If I was feeling ambitious, I might try to assemble some intriguing stats that somehow evaluate (or at least describe) the way Narron managed. But I'm not. So instead I'll just refer to what I wrote in the Hardball Times 2007 Season Preview:
The Manager Is Known for: Being old school. That's what he claims, but I don't agree. Jerry Narron is something of an enigma. On one hand, he shows a modern appreciation for on-base percentage and stolen base success rate. But he gets bent out of shape about errors while apparently ignoring range as a measure of fielder performance. He’ll talk up young players like Encarnacion and Chris Denorfia, yet have a hard time actually letting them play if they compete with an aging veteran. He will talk about operating his bullpen by committee, but then, almost overnight, tap someone as closer. Narron tends to keep his starters in the game a long time—though that could be the result of playing with a sub-par bullpen much of last year.I pretty much still agree with everything I wrote. His biggest fault, at least as I'll remember it, is a general lack of consistency. He certainly did things that bothered the heck out of me, like using Juan Castro and Chad Moeller as pinch hitters an inordinate number of times, putting too much stock into small sample size-matchups or lefty/righty platoons, playing favorites among players, etc.
But in the end, while I'm sure many will disagree with me, I don't think he was all that bad of a manager. He seemed to have good control over the clubhouse and seemed to be a good communicator, something that was in stark contrast to his predecessor, Dave Miley (though I'm sure we'll see some criticism from players and media in the coming days). He was an advocate for his players in the media. He seemed good about trying to keep certain players rested (particularly Junior), and keeping his bench players "fresh." And he did understand at least some of the key lessons from statistical research (particularly OBP and SB%), even as he ignored others...
When it comes down to it, though, the problem this season is that the the players just haven't performed well. I'm sure you can blame some of that on the manager, but how much? Maybe a new guy in charge will help, but as Chris said, more than likely any improvement we see will just be regression toward these players' true performance levels. Of course, if the Reds start to attribute some of their success to the new guy and gain some confidence to help them through the second half, maybe the placebo effect is worth it.

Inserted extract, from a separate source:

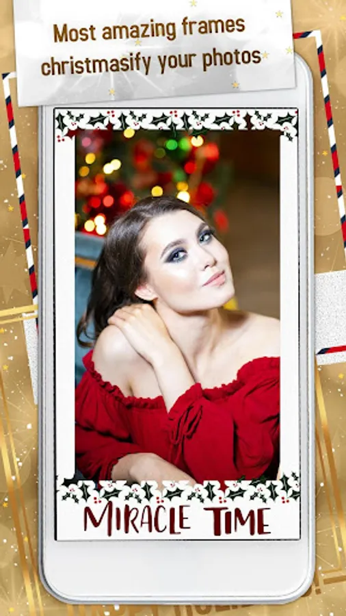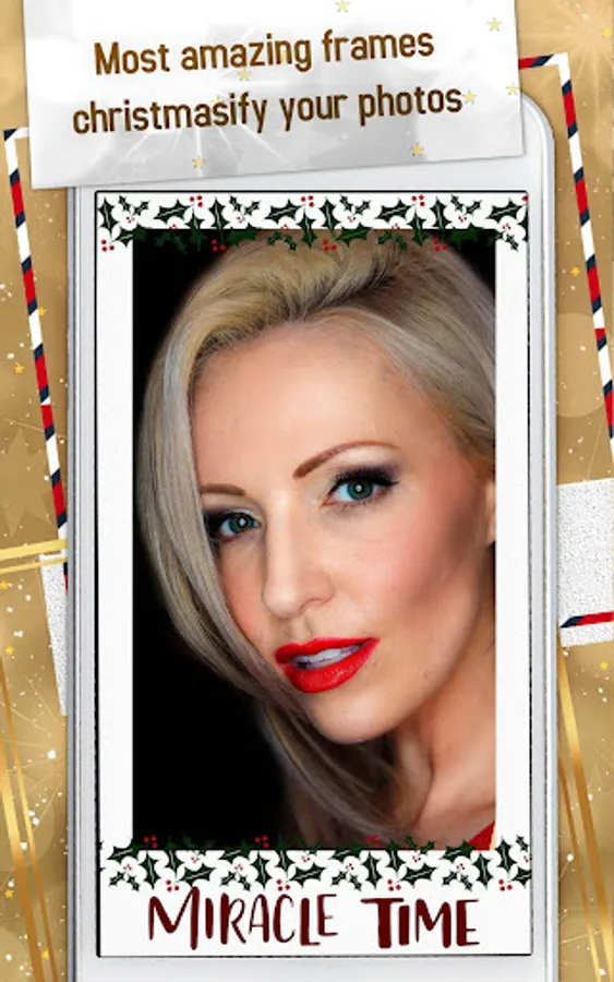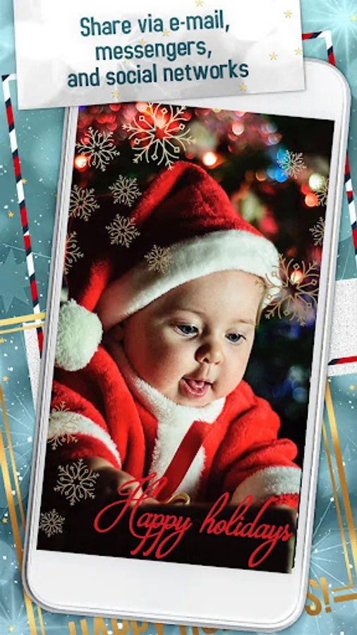 This holiday season create most beautiful greeting cards and picture collages with your own photos! Download “Christmas Greetings - Christmas Photo Card Maker” and start designing personalized photo cards with Christmas wishes and gorgeous holiday photo frames for your family and loved ones. Choose the best greeting cards maker with photo with cute card templates and designs and the best “greeting card photo editor” to personalize your Xmas greetings. How to make greeting cards step by step or a beautiful “Christmas photo collage”? With the most awesome “Christmas photo editor” it is so easy and fun! Get a variety of Christmas photo card backgrounds free and “create a greeting card” everyone will adore. Do something special and memorable! Add a touch of magic to your holiday greeting cards and collages with creative borders and frames for photos, text stickers for photos, cute merry Christmas stickers and picture frames.

Could the Reds do better than Narron? Of course. But they could do a lot worse too, and I'm fearful that we'll actually take a step backward with the next selection. ... We'll see. I wish Jerry well and hope he can get the helm of another team someday. Hopefully he'll check out my recommended reading list in the meantime.
As for his replacement, Pete Mackanin... who knows? He was apparently an all-field, no-hit middle-infielder who was memorable enough to get his page sponsored at B-R, but I doubt that tells us much. I'll be watching him fairly closely this next month, however, as his managerial philosophies may tell us something about the sort of manager Wayne Krivsky is looking for. I'd love to see a manager hired who has read and understands The Book, but I'll settle for someone who can give the players confidence and put the right guys on the field each day. I also really hope that the next official manager, whoever he is, can bring some stability to this organization and keep his job for a half-decade or so.
P.S. 'Grats to Junior on the All-Star game, and leading the NL in votes. That's pretty awesome.